Según datos de Parline, en enero de este año los Estados con mayor proporción de mujeres en sus parlamentos son Ruanda (61,3%), Cuba (53,4%) y Nicaragua (50,6%). Junto a ellos, México y Emiratos Árabes Unidos (con un 50%) son los únicos países en los que los hombres no son mayoría parlamentaria. España está en la posición 18ª, con un 43%.
Y también puedes pensar que todo eso está muy bien, pero que al margen de la política el poder real está también en las empresas. Pero, de nuevo, no son las principales economías del mundo las que tienen mayor presencia femenina en cargos de alta gestión: según datos de la Organización Mundial del Trabajo, en 2020 los líderes fueron Jordania (60,2% de mujeres), Botswana (55,3%) y El Salvador (48,8%).

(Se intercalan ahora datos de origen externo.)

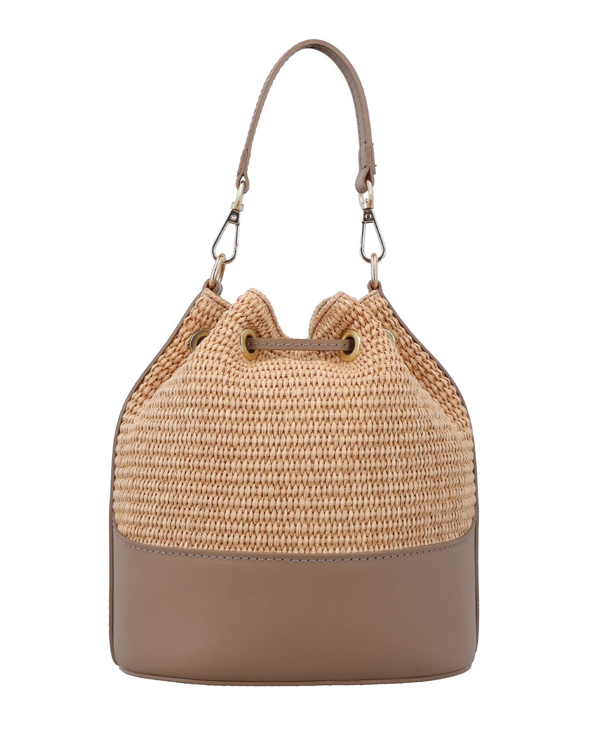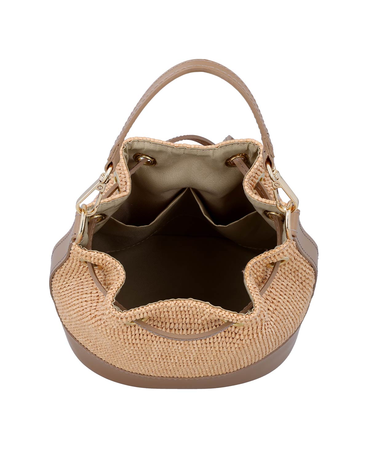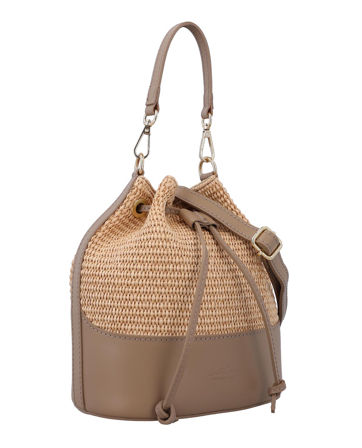 La borsa a secchiello "Nuria" è la combinazione perfetta di eleganza senza tempo e funzionalità pratica. Il suo materiale in rafia finemente intrecciato conferisce alla borsa una leggerezza naturale. La rafia è un materiale vegetale ottenuto dalle foglie di una palma. È particolarmente noto per la sua robustezza e la sua texture leggera. Insieme al fondo in pelle liscia e agli accenti in pelle, garantisce durata e stabilità. Questa borsa non è solo un vero colpo d'occhio, ma è anche incredibilmente versatile e si adatta perfettamente alla tua vita quotidiana. Grazie al logo dorato "Gusti Leder Made in Italy", la borsa riceve un tocco elegante che sottolinea il look vintage moderno.
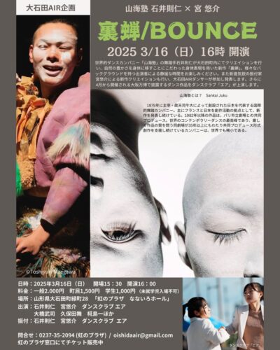 イベント【山形イベント情報3/16】大石田AIR公演『裏蝉 / BOUNCE』(大石田町) 2025年3月16日(日)に、大石田AIR公演『裏蝉 / BOUNCE』が開催されます。 大石田AIR公演『裏蝉 / BOUNCE』 大石田AIR公演『裏蝉 / BOUNCE』

España está la 27ª con un 36,5%.
Quedan, por tanto, muchos avances por alcanzar, sobre todo en las grandes economías, y muchas sombras paternalistas por disipar.
Y a la espera de que nuestro país engrose algún día la lista de naciones con una mujer al frente, al menos podemos celebrar que cada vez haya más referentes y más cercanos en los que fijarnos, como es el caso de los países nórdicos: Finlandia tiene a Sanna Marin, Dinamarca a Mette Frederiksen e Islandia a Katrín Jakobsdóttir.
La igualdad, al final, es una cuestión cultural.